Additionally, further research is needed to enhance the adaptability of SiSCo in more complex environments with diverse tasks. Expanding the range of signals it can generate and improving its understanding of nuanced human behavior will be essential for broader adoption.

Conclusion

SiSCo represents a significant advancement in the realm of human-robot communication. By integrating LLMs with mixed-reality technology, it enhances the way robots convey their intentions to human partners. The results from various experiments demonstrate that SiSCo improves task performance, reduces cognitive load, and provides clear and effective communication.
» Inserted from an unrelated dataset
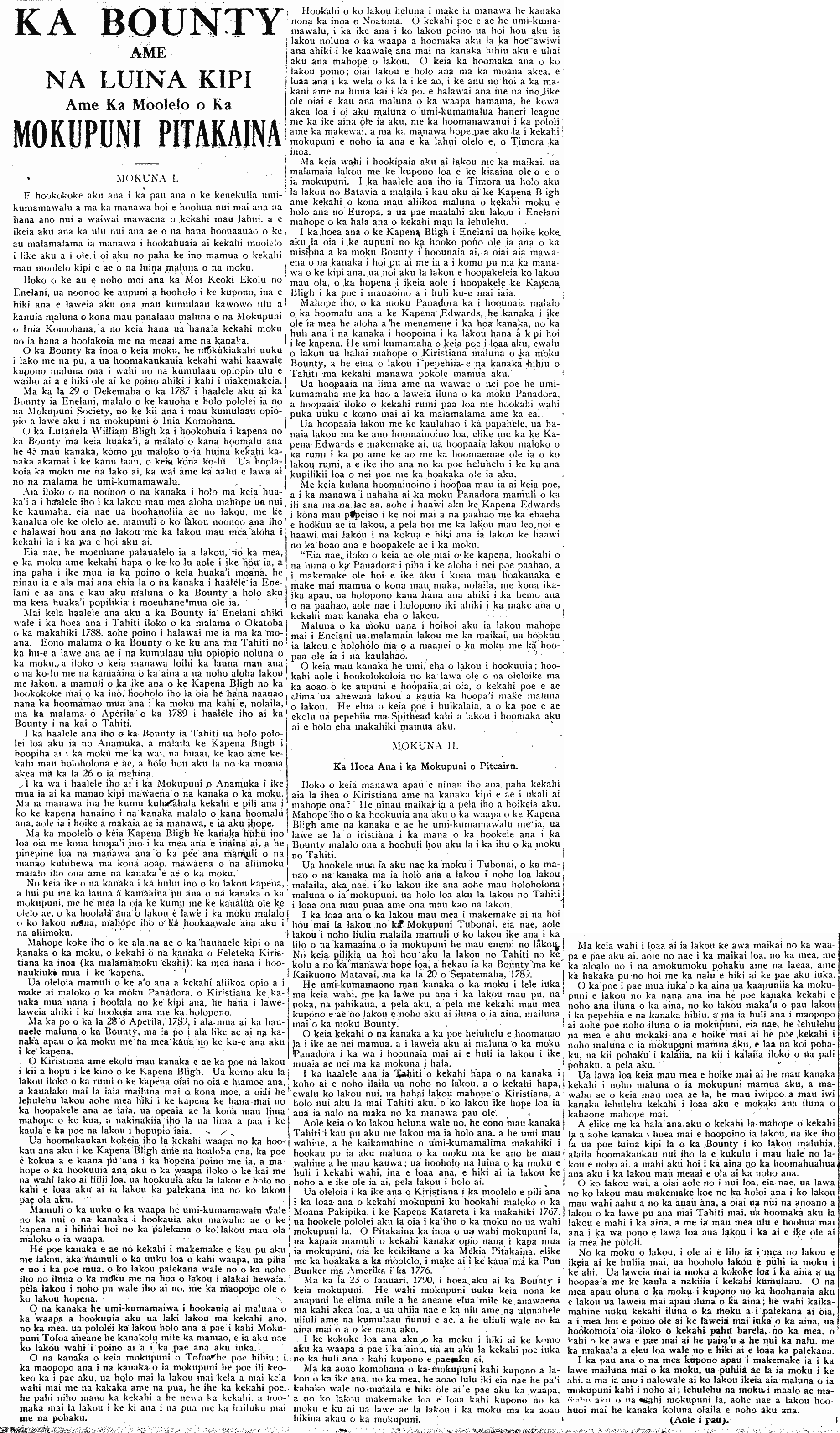 Posted in Moolelo, Serial, Translation | Tagged “Mutiny of the Bounty and Story of Pitcairn Island 1790-1894″, Bounty (ship), KA BOUNTY AME NA LUINA KIPI Ame Ka Moolelo o Ka MOKUPUNI PITAKAINA, Mutiny on the Bounty, Pitakaina, Pitcairn Island | 2 Replies

As technology continues to evolve, the potential for SiSCo to impact various industries is promising. Emphasizing intuitive and efficient communication between humans and robots paves the way for smoother collaborations in the future. With continued research and development, we can look forward to a future where human-robot teamwork becomes increasingly seamless and effective.

Original Source

Title: SiSCo: Signal Synthesis for Effective Human-Robot Communication Via Large Language Models

Abstract: Effective human-robot collaboration hinges on robust communication channels, with visual signaling playing a pivotal role due to its intuitive appeal. Yet, the creation of visually intuitive cues often demands extensive resources and specialized knowledge. The emergence of Large Language Models (LLMs) offers promising avenues for enhancing human-robot interactions and revolutionizing the way we generate context-aware visual cues. To this end, we introduce SiSCo--a novel framework that combines the computational power of LLMs with mixed-reality technologies to streamline the creation of visual cues for human-robot collaboration. Our results show that SiSCo improves the efficiency of communication in human-robot teaming tasks, reducing task completion time by approximately 73% and increasing task success rates by 18% compared to baseline natural language signals. Additionally, SiSCo reduces cognitive load for participants by 46%, as measured by the NASA-TLX subscale, and receives above-average user ratings for on-the-fly signals generated for unseen objects. To encourage further development and broader community engagement, we provide full access to SiSCo's implementation and related materials on our GitHub repository.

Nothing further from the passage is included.